Judge William Sylvester ruled in favor of prosecutors to have access to the school records of alleged Colorado shooter James Egan Holmes.
Prosecutors are hoping that the 24-year-old's school records will provide some insight on the mental condition of the Ph.D. drop out. While defense maintains that Holmes suffers from an "unknown mental illness," prosecutors are trying to show that the "Dark Knight Rises" shootout was not a spontaneous mental trigger, but a pre-planned attack by a sane mind frustrated over his performance in the neuroscience program.
Early on in the case, prosecutors showed that the time Holmes started collecting weapons coincided with his deteriorating grades and eventual dropping out of the Ph.D. program.
Defense maintains that access to the records is merely a "fishing expedition," and cannot reveal anything significant to the case.
Recently, Prosecutors have added 14 additional charges against Holmes. Prosecutors have also amended five of the other charges pitted against him in a Thursday hearing. Holmes has already been charged with 12 counts of murder and 116 counts of attempted murder.
Currently, the alleged shooter Holmes is being held in a detention facility of Arapahoe County in solitary confinement.
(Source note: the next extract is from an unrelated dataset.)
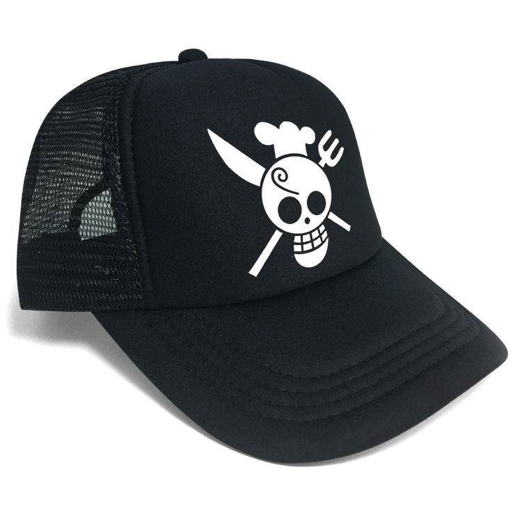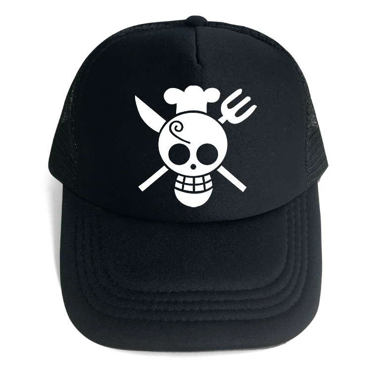 海贼王山治香吉士骷髅标志丝印潮流网格帽子

Eighteenth Judicial District Attorney Carol Chambers told News Day that she is considering pursuing the death penalty, but only after consulting with the victims and their families.
On July 20, at a midnight screening of the cult-inducing Dark Knight Rises film at a movie house in Aurora, Colorado, Holmes, opened fire killing 12 people and injuring 59 others. He was arrested that morning and placed in custody.